__Data__
/---
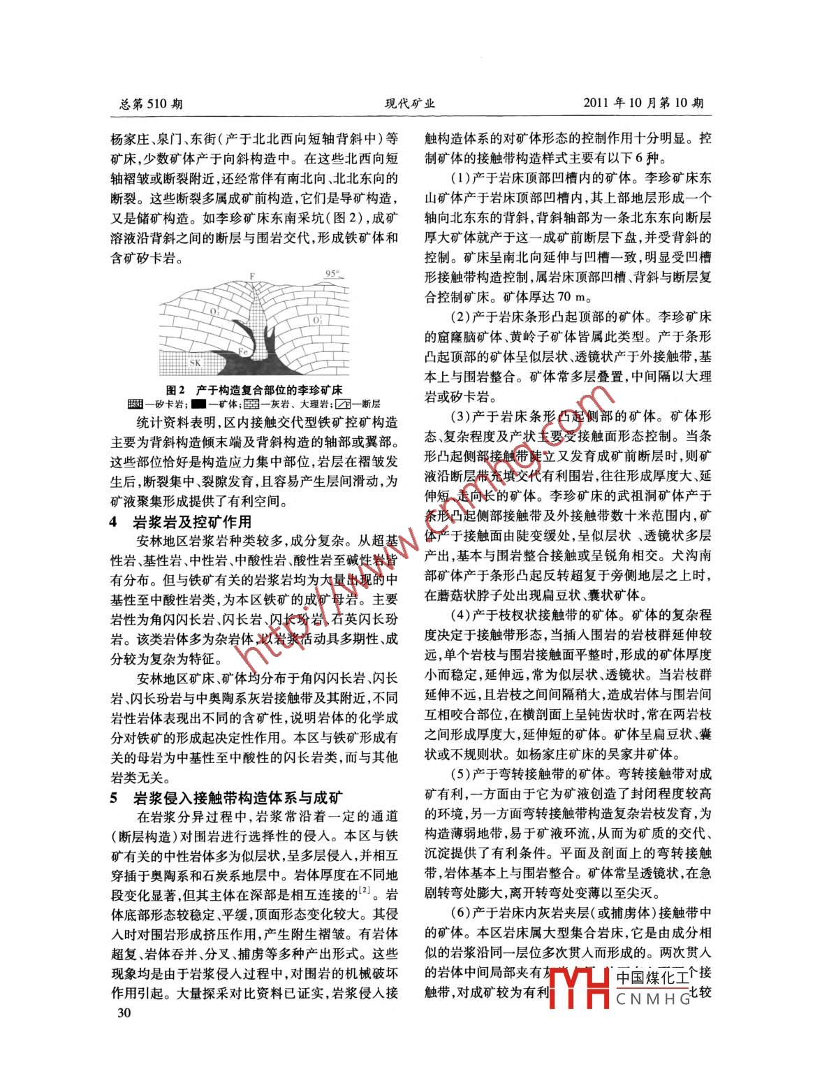 Serial No. 510現(xiàn)代礦業(yè)總第510期._October. 2011MODERN MINING2011年10月第10期●地質(zhì)●測量●河南省安林地區(qū)構(gòu)造、巖漿活動與成礦關(guān)系牛文革'.2黃凱旭'(1.中國地質(zhì)大學(xué)地球科學(xué)與資源學(xué)院;2.河南省有色金屬地質(zhì)礦產(chǎn)局第一地質(zhì)大隊; .3.河南省有色金屬地質(zhì)礦產(chǎn)局第二地質(zhì)大隊)摘要 通過分析安林地區(qū) 區(qū)域構(gòu)造特征和礦床地質(zhì)特征,認為 斷裂構(gòu)造為巖漿的侵入提供了通道,區(qū)域構(gòu)造擠壓形成的背斜為巖漿侵入的主要部位;巖漿侵入接觸構(gòu)造體系對礦體規(guī)模、形態(tài)、產(chǎn)狀起著重要的控制作用;斷裂構(gòu)造不僅控制與成礦有關(guān)的巖漿活動,而且改造了礦體的空間分布;褶鈹構(gòu)造提供了有利的成礦空間。關(guān)鍵詞安林地區(qū) 矽卡巖礦床 鐵礦構(gòu)造巖 漿活動安林地區(qū)是河南省重要的矽卡巖型鐵礦集中區(qū)部位對區(qū)內(nèi)巖體和礦體形成起著主導(dǎo)作用。其中,之一,迄今已查明小型以上的礦床10個,發(fā)現(xiàn)礦點北北東、北東向構(gòu)造由一系列壓扭性斷裂和寬緩褶20多處。已發(fā)現(xiàn)的鐵礦床在空間上形成東礦帶和皺組成,自北西向南東呈現(xiàn)3個雁列發(fā)育帶:東冶一西礦帶,與區(qū)內(nèi)分布的兩個中基性、中酸性巖漿巖帶晉家莊-東街北東向構(gòu)造帶控制著西礦巖漿巖帶及關(guān)系密切,巖漿活動及礦床的分布明顯受2個北東相關(guān)鐵礦;李珍-泉門- 采桑北北東向構(gòu)造帶控制向和1個北西向構(gòu)造帶控制。因此,加強構(gòu)造、巖漿著東部巖漿巖帶及相關(guān)鐵礦;水冶一馬鞍山- 東姚活動與成礦關(guān)系的研究,對本區(qū)深部及外圍找礦潛構(gòu)造帶控制著東南礦化帶及巖體的分布。北西西向力評價具有重要意義。構(gòu)造帶位于礦田中部,與北東向構(gòu)造帶的復(fù)合部位1區(qū)域構(gòu)造特征共同控制著中部巖漿巖帶及相關(guān)鐵礦的分布。安林地區(qū)鐵礦分布于早古生代碳酸鹽臺地中太2礦床地 質(zhì)特征行山(中段)陸緣巖漿弧,沿燕山造山帶東側(cè)北北東礦床成因類型為接觸交代變質(zhì)型(矽卡巖型)向展布,受控于北北東向閃長巖帶”。侵人巖大多礦床,嚴格受侵人巖體內(nèi)外接觸帶構(gòu)造控制,成礦母呈巖蓋、巖床和小巖株產(chǎn)出。巖體規(guī)模不大,空間上巖為閃長巖、石英閃長玢巖,少數(shù)為角閃閃長巖。成由西向東組成3個近平行的巖漿巖帶,呈北北東向礦圍巖主要為奧陶系中統(tǒng)灰?guī)r,主要賦礦層位為奧串珠狀分布。由西向東依次劃分為角閃閃長巖系、陶系中統(tǒng)馬家溝組第3巖性段和第5巖性段。閃長巖系、正長巖系三大巖石系列,分別為東冶一-晉鐵礦體空間上主要賦存于燕山期中性侵人巖和家莊巖帶、李珍-馬鞍山巖帶和九龍山巖體,前兩者碳酸鹽巖的接觸帶,少量產(chǎn)于碳酸鹽巖內(nèi)及侵人巖為本區(qū)矽卡巖型鐵礦重要的成礦母巖。體內(nèi)部。礦體的長度- -般為幾十米到幾百米,厚度受東、西兩個巖漿巖帶的控制,區(qū)內(nèi)鐵礦分為一般為幾米至幾十米。礦體形態(tài)多樣, 中型礦床的東、西2個礦帶。東礦帶自北而南有都里鐵礦、李珍礦 體形態(tài)較為簡單,多呈似層狀、透鏡狀及扁豆狀,鐵礦、泉門鐵礦、楊家莊鐵礦、下莊東坡十字嶺鐵礦,小型礦床的礦體形態(tài)相對復(fù)雜,多為囊狀及其他不西礦帶自北而南有東冶鐵礦、石村-栗家溝鐵礦、晉規(guī)則狀礦體。家莊鐵礦、曹家莊鐵礦、東街鐵礦。礦石的化學(xué)成分以鐵為主,其次有硅、鋁、鈣等。.區(qū)內(nèi)構(gòu)造形跡以褶皺為主,斷裂次之,其中北北有益伴生元素有硫鈷、銅等。礦石礦物主要為磁鐵東、北東向構(gòu)造帶與經(jīng)改造的近東西向構(gòu)造帶組成礦,其他金屬礦物有赤鐵礦、鏡鐵礦、黃鐵礦,少量的本區(qū)的基本構(gòu)造骨架。各種構(gòu)造體系的復(fù)合、聯(lián)合鈦鐵礦、磁黃鐵礦、黃銅礦。鐵礦石品位30%~50%。脈石礦物以透輝石、石榴子石為主,次為方解牛文革(1966- -) ,男,副總工程師,博士研究生.45006河南省石、陽起石、透閃石等。中國煤化工大結(jié)鄭州市鄭東新區(qū)金水東路16號。構(gòu)為主,其次為交代殘fYHCNMH G'28牛文革黃凱旭:河南省安林地區(qū)構(gòu)造、 巖漿活動與成礦關(guān)系2011年10月第10期發(fā)育(如石村礦床),礦體形態(tài)取決于夾層的形態(tài)與多重因素控制。構(gòu)造一巖漿活動對安林地區(qū)鐵礦形構(gòu)造,常呈似層狀產(chǎn)于接觸帶上。成起決定作用。斷裂構(gòu)造為巖漿的侵人提供了通綜上所述并非所有的接觸帶都有利成礦,而接道,區(qū)域構(gòu)造擠壓形成的背斜為巖漿侵人的主要部觸帶是否有利成礦,其形態(tài)特征上是有顯著差別的。位。巖漿侵人接觸構(gòu)造體系對礦體規(guī)模、形態(tài)產(chǎn)狀主要表現(xiàn)為:本區(qū)鐵礦體主要產(chǎn)于接觸帶的內(nèi)彎及外起著重要的控制作用。接觸帶構(gòu)造形式受褶皺、斷彎處,也就是圍巖的舌狀突出部位;在接觸帶產(chǎn)狀陡裂及巖漿侵入方式等多因素制約。斷裂構(gòu)造不僅控緩變化處,或走向劇烈變化的部位是成礦的有利部制與成礦有關(guān)的巖漿活動,而且控制著礦體的空間位巖體頂部與奧陶系中統(tǒng)碳酸鹽
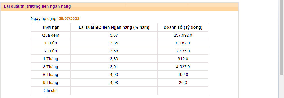 Số liệu được NHNN cập nhật đến ngày 25/7 cho thấy lãi suất VND liên ngân hàng tiếp tục tăng mạnh ở tất cả các kỳ hạn. Cụ thể, lãi suất kỳ hạn qua đêm đã tăng lên 3,67%/năm từ mức 2,8% ghi nhận vào cuối tuần trước và gấp khoảng 10 lần giai đoạn trước khi NHNN mở lại kênh hút tiền qua tín phiếu. Lãi suất các kỳ hạn 1 tuần, 2 tuần, 1 tháng và 3 tháng cũng bật tăng mạnh.
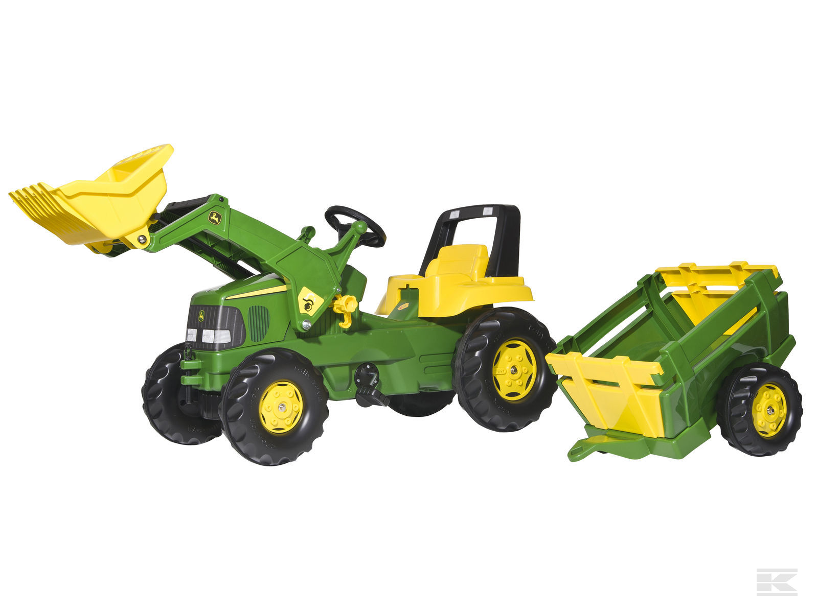 Pedaltraktor med frontlæsser og vogn John Deere.
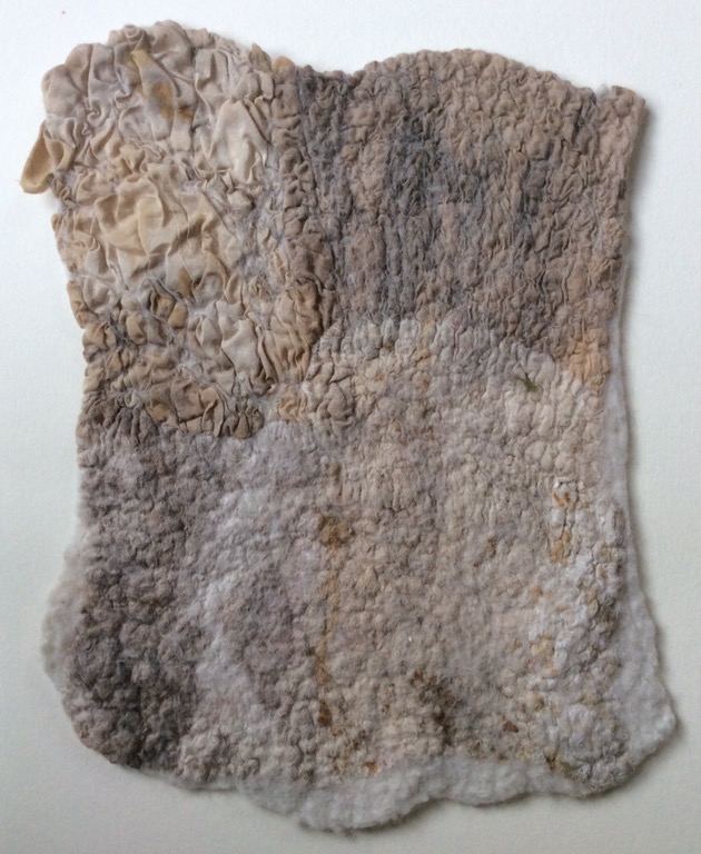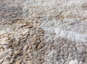 Then it was our turn.  Each sample was created with one layer of Merino wool tops and various scraps of lightweight fabric.  With Clare on hand to ensure we didn’t skint on the rubbing, we rubbed, rubbed, and then rubbed some more…..then time for a coffee and then back to rubbing……
\---
Range to print from the listing above: from the line with "Số liệu được" up to and including the line with "Pedaltraktor med frontlæsser". Please print those lines exactly, with no pictures and nothing more.

 Số liệu được NHNN cập nhật đến ngày 25/7 cho thấy lãi suất VND liên ngân hàng tiếp tục tăng mạnh ở tất cả các kỳ hạn. Cụ thể, lãi suất kỳ hạn qua đêm đã tăng lên 3,67%/năm từ mức 2,8% ghi nhận vào cuối tuần trước và gấp khoảng 10 lần giai đoạn trước khi NHNN mở lại kênh hút tiền qua tín phiếu. Lãi suất các kỳ hạn 1 tuần, 2 tuần, 1 tháng và 3 tháng cũng bật tăng mạnh.
 Pedaltraktor med frontlæsser og vogn John Deere.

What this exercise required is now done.